The Chinese government denies that forced labor has taken place in Xinjiang’s cotton, textile, mining and other industries. The consulting firm’s work on Xinjiang amounted to a violation of anti-intelligence laws and regulations and “posed serious risks and hazards to national security and interests,” the Chinese report said.

To strengthen China and the Communist Party, Mr Xi has pushed a sweeping “comprehensive” national security program, expanding new security measures in the economy, business and data management.

“We must ensure national data security effectively,” said Mr. Xi in March at a meeting of the Politburothe top two dozen Communist Party officials discussing China’s “big data” strategy.

The security requirements of Mr. Xi have stirred the entire Chinese government.

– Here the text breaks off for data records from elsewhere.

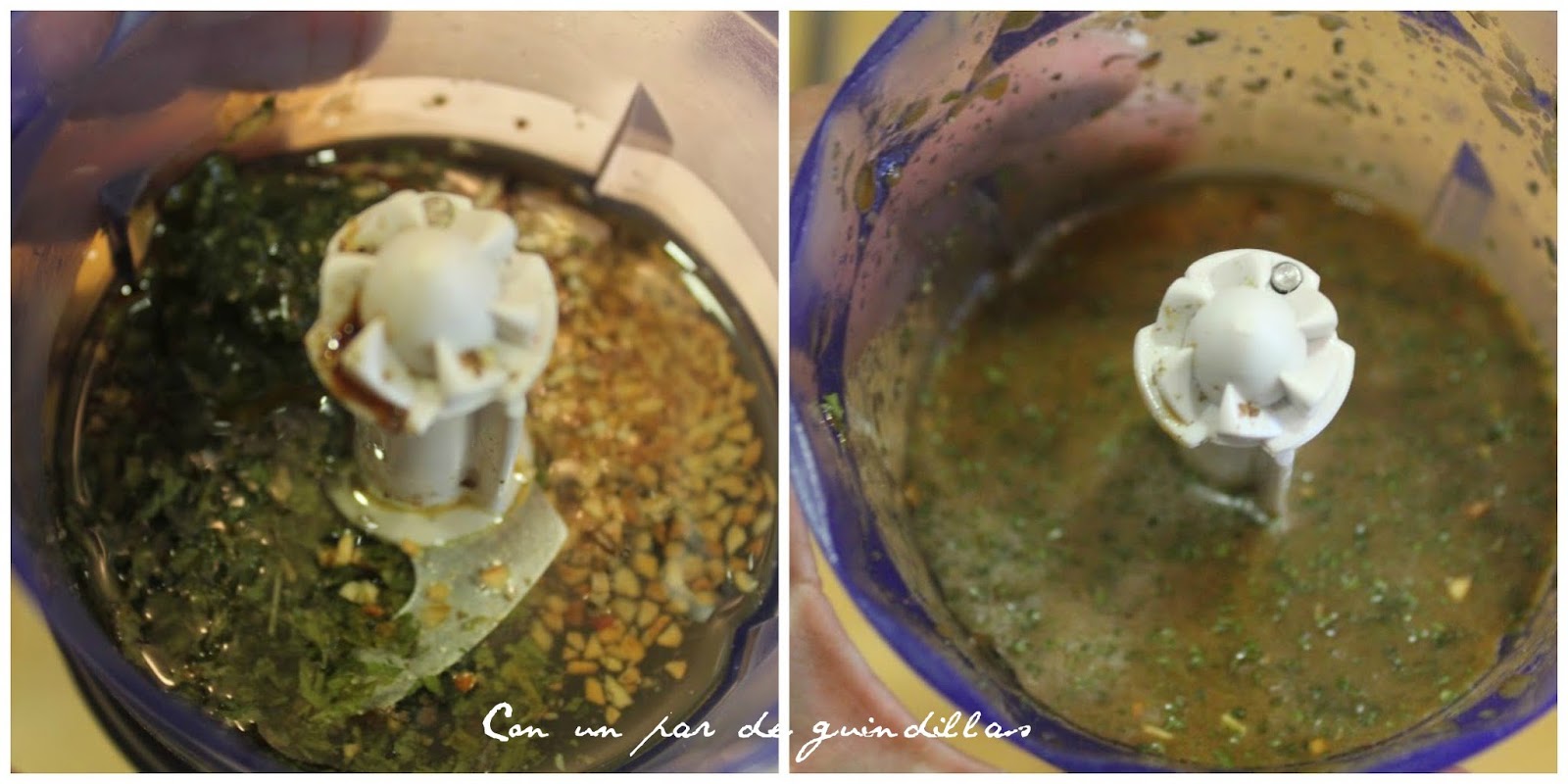 PREPARACIÓN: 1.- Pongo todos los ingredientes en el vaso de la batidora y mezclo bien. Reservo media taza de la salsa.
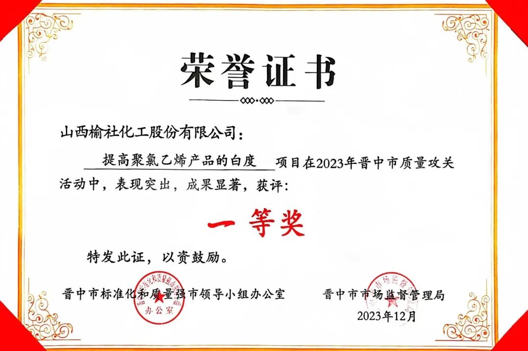 12月28日,在晉中市市場監(jiān)督管理局主辦的2023年晉中市重點(diǎn)質(zhì)量攻關(guān)成果會(huì)上,公司“提高聚氯乙烯產(chǎn)品的白度”項(xiàng)目獲得2023年晉中市質(zhì)量攻關(guān)一等獎(jiǎng)榮譽(yù)。
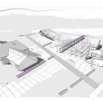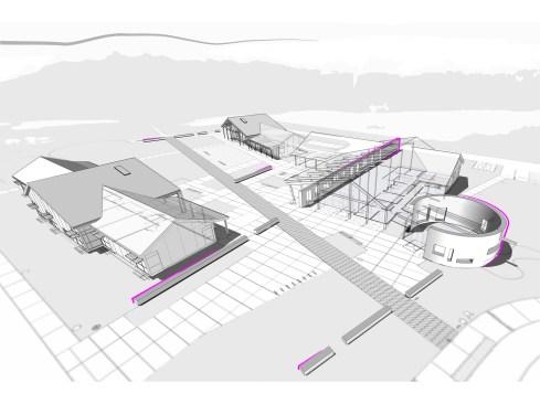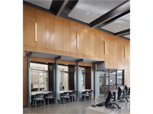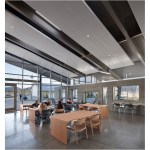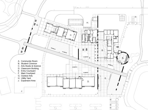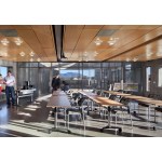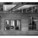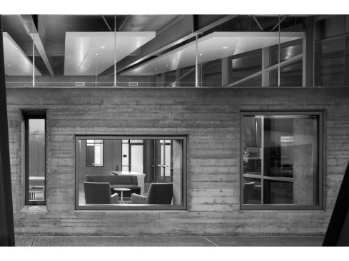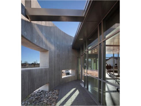 The strong campus geometry is manifest in a series of concrete walls which slash through the site and through the building interior. These board-form concrete walls define program edges and zones which students inhabit. The thick concrete frames allow students to occupy the space of the walls where they have been punctured to reveal views. In another way, the concrete walls act like historical devices by expressing age through their mass and materiality. The building’s structural frame, roof and wall enclosures touch lightly on the concrete elements and on the ground to accentuate distinctions between rootedness and contemporary expression.
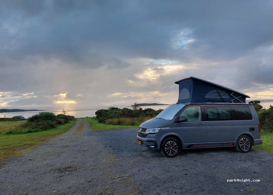 Superbe endroit avec vue sur la plage. Nous avons eu de la chance d'avoir du soleil et peu de vent en fin de journée. Nous avons passés la nuit ici et nous nous sommes sentis en sécurité. Beaucoup de midges cependant. Bien se garer sur le sol en gravier et pas au bord de la plage sur les dunes. Il y a de la place pour plusieurs véhicules. Nous recommandons.
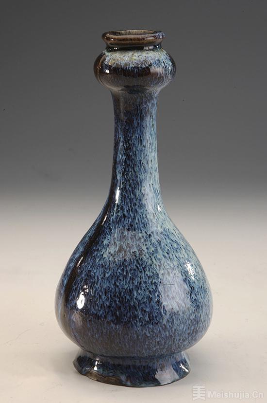 (3/4)石湾窑翠毛釉蒜头瓶,明代,广东省博物馆藏

Last year, the Cyberspace Administration of China introduced new rules for data transferred abroad, requiring it to be assessed by the agency for its “degree of sensitivity” and potential risks to “national security”.

Since March, China National Knowledge Infrastructure, or CNKI, a company that distributes Chinese research papers, dissertations and statistics to foreign universities and other users abroad, severely restricted access to them. CNKI cited the need to suspend such services while figuring out how to enforce the data export rules introduced last year.

Since a Communist Party Congress in October, Mr. Xi has pushed forward a cohort of security officials who seem eager to continue this push for tighter controls.

“Along with profound changes in the international and domestic environment, the scope of national security is constantly expanding,” Chen Yixin, the minister of state security, wrote in an article for the party newspaper. main ideological magazine last month.

US Ambassador to China R. Nicholas Burns criticized the espionage law on Tuesday.

“This is a law that could potentially make illegal in China the kind of everyday activities that a company should do to seek due diligence before agreeing to a major investment deal,” he said.

It seems that European companies have not caught the attention of China’s security establishment, as Europe’s national leaders have generally taken a more accommodating stance towards China than the Biden administration. But European companies also say it is critical to maintain public access to information about markets and companies.

“There is a great need for clarification on what information is sensitive and what is not,” said Joerg Wuttke, president of the European Union Chamber of Commerce in China.

Dan Harris, a Seattle-based attorney who works with foreign companies in China, said he had heard in the past week of at least two U.S. companies looking to leave the country after seeing signs that the Chinese Communist Party was taking over the recent check.

“The message is, ‘We don’t care that much about the economy. What matters to us is keeping you in line,” Mr Harris said. “‘And if you don’t do what we want you to do, we’ll come after you.'”

Ana Swanson and Edward Wong contributed reporting.